== Your instructions ==
Set out exactly, and only, the lines running from the one containing "據(jù)介紹,全國公安機關" to the bottom of the listing below; pictures stay out.

== Collected material ==
Content starts
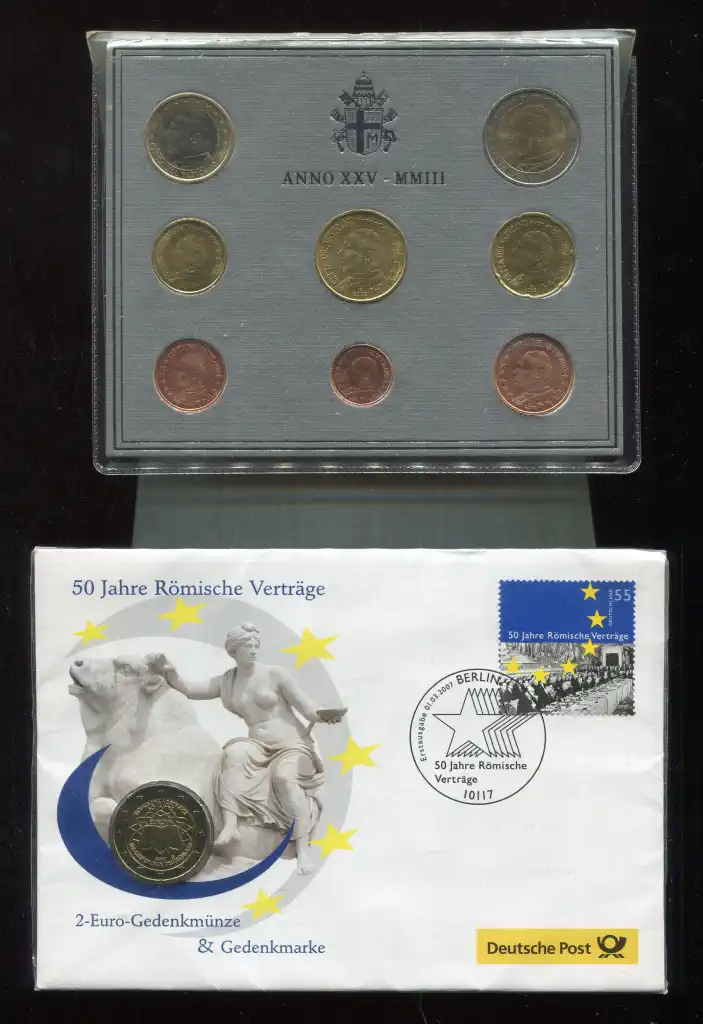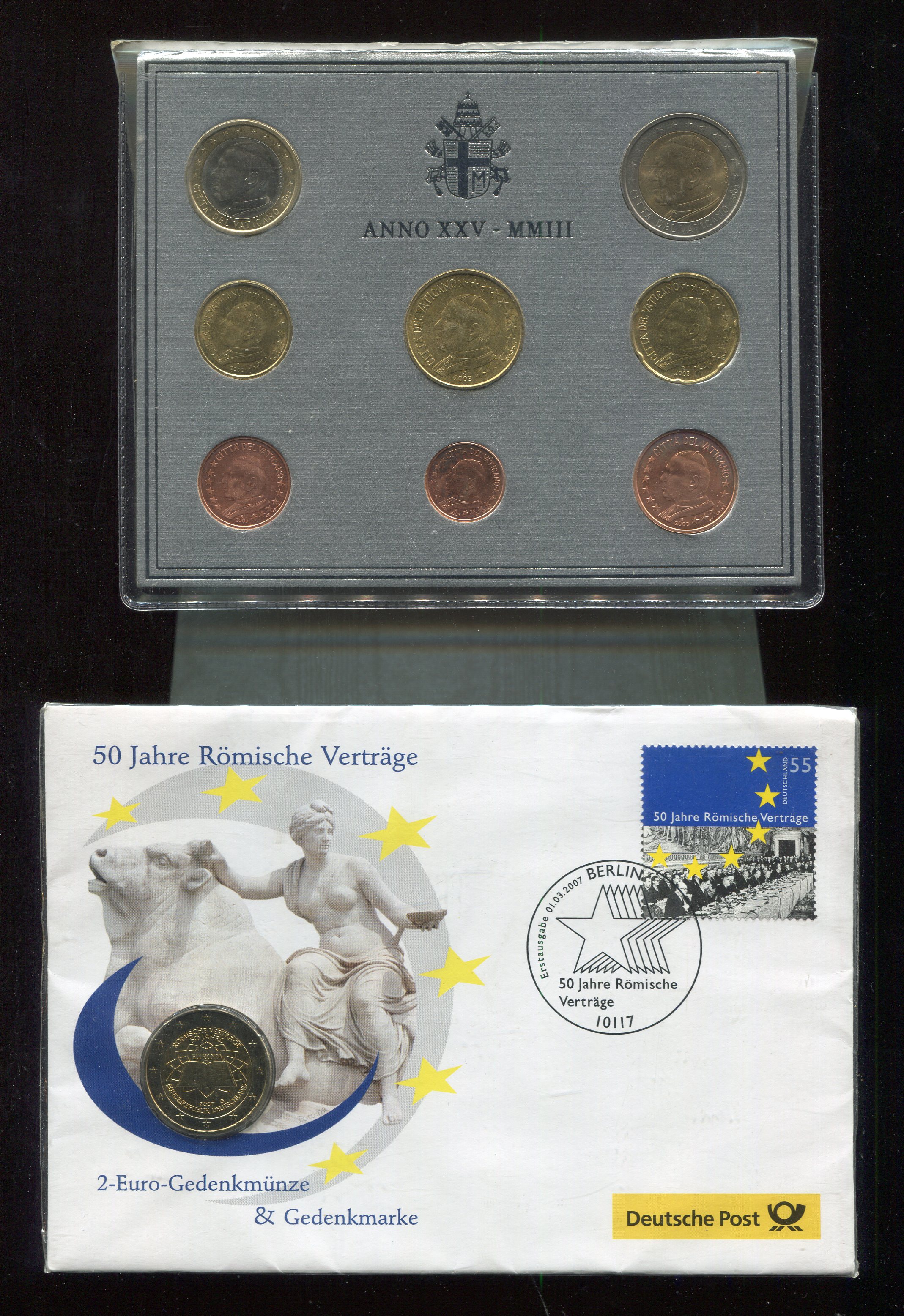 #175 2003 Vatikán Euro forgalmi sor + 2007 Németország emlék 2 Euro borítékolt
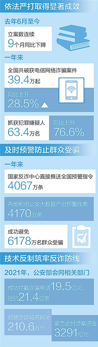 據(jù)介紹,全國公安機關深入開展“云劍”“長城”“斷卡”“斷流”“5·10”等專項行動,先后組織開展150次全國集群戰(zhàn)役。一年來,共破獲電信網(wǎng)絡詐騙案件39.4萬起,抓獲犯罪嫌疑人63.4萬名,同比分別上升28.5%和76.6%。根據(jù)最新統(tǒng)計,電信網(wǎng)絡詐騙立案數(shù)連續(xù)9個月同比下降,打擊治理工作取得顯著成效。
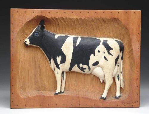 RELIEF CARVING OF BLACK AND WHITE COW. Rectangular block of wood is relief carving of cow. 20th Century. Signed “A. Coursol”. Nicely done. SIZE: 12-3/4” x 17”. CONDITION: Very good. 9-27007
Content ends
== Task output ==
 據(jù)介紹,全國公安機關深入開展“云劍”“長城”“斷卡”“斷流”“5·10”等專項行動,先后組織開展150次全國集群戰(zhàn)役。一年來,共破獲電信網(wǎng)絡詐騙案件39.4萬起,抓獲犯罪嫌疑人63.4萬名,同比分別上升28.5%和76.6%。根據(jù)最新統(tǒng)計,電信網(wǎng)絡詐騙立案數(shù)連續(xù)9個月同比下降,打擊治理工作取得顯著成效。
 RELIEF CARVING OF BLACK AND WHITE COW. Rectangular block of wood is relief carving of cow. 20th Century. Signed “A. Coursol”. Nicely done. SIZE: 12-3/4” x 17”. CONDITION: Very good. 9-27007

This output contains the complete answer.